» **The data**
..............................

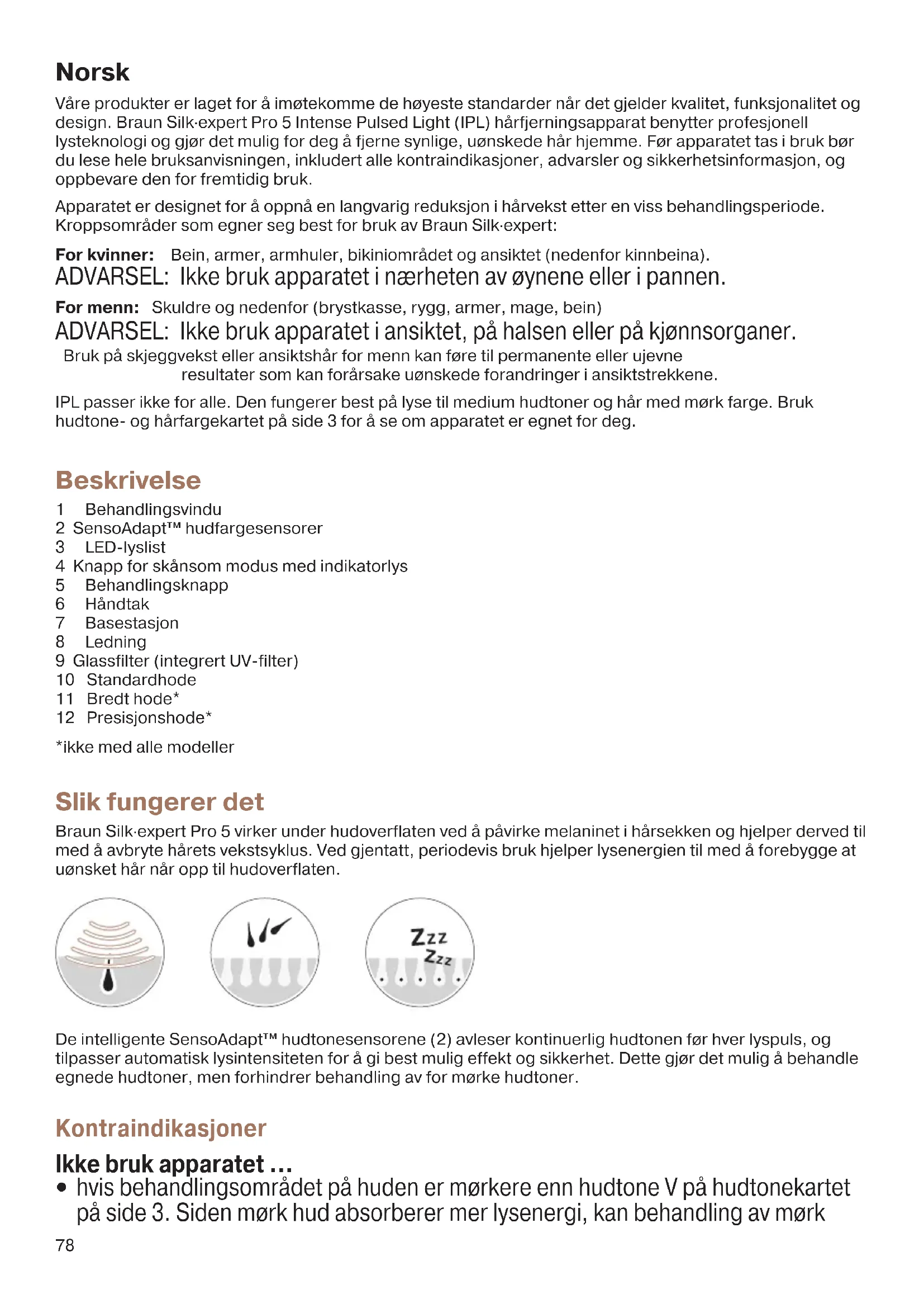 skjegg/ansiktshår for menn. Det anbefales ikke å bruke dette apparatet på områder hvor det finnes dermale fyllstoffer. Må ikke brukes mer enn én gang i uken på samme område. Det kan oppstå skade i huden etter langvarig eller gjentakende behandling på ett sted. 91840600_Victoria2_PL5_Euro1.indd 7991840600_Victoria2_PL5_Euro1.indd 79 13.01.21 10:0413.01.21 10:0480 Sikkerhet for øynene Ikke se direkte inn i glassfilteret (9) eller forsøk å slå på apparatet hvis det er rettet mot øynene. For å beskytte dine egne og andres øyne, aktiveres apparatet kun når begge hudtonesensorene berører huden. Dersom apparatet på noe tidspunkt aktiveres UTEN AT begge sensorene er i kontakt med huden, må du straks AVBRYTE bruken av apparatet og kontakte forhandleren. Hvis instruksjonene ikke følges, kan det føre til skader på øynene (som potensielt kan føre til synstap) eller skader på huden. Beskytt øynene mot eksponering. Ikke bruk apparatet over øyelokkene eller nært øynene. Forholdsregler
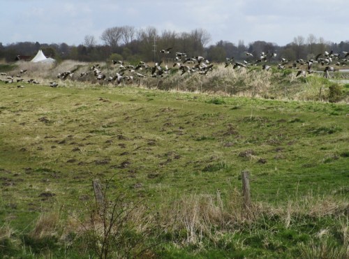 Da sich ein Bussard an mir stört, abzieht, lüften einige über den Weg zur Vogelstation, …
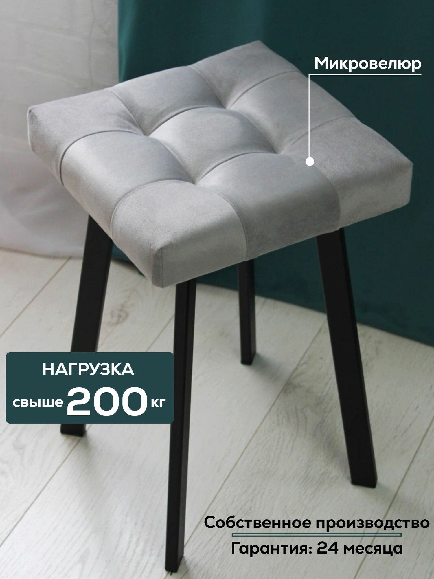 Табурет Linea Art, мягкий, велюр, металлический, усиленный, 30х30х46 см информация:

..............................

» **What is being asked**
Excluding all images, transcribe the material word for word.

» **Written answer**
 skjegg/ansiktshår for menn. Det anbefales ikke å bruke dette apparatet på områder hvor det finnes dermale fyllstoffer. Må ikke brukes mer enn én gang i uken på samme område. Det kan oppstå skade i huden etter langvarig eller gjentakende behandling på ett sted. 91840600_Victoria2_PL5_Euro1.indd 7991840600_Victoria2_PL5_Euro1.indd 79 13.01.21 10:0413.01.21 10:0480 Sikkerhet for øynene Ikke se direkte inn i glassfilteret (9) eller forsøk å slå på apparatet hvis det er rettet mot øynene. For å beskytte dine egne og andres øyne, aktiveres apparatet kun når begge hudtonesensorene berører huden. Dersom apparatet på noe tidspunkt aktiveres UTEN AT begge sensorene er i kontakt med huden, må du straks AVBRYTE bruken av apparatet og kontakte forhandleren. Hvis instruksjonene ikke følges, kan det føre til skader på øynene (som potensielt kan føre til synstap) eller skader på huden. Beskytt øynene mot eksponering. Ikke bruk apparatet over øyelokkene eller nært øynene. Forholdsregler
 Da sich ein Bussard an mir stört, abzieht, lüften einige über den Weg zur Vogelstation, …
 Табурет Linea Art, мягкий, велюр, металлический, усиленный, 30х30х46 см информация:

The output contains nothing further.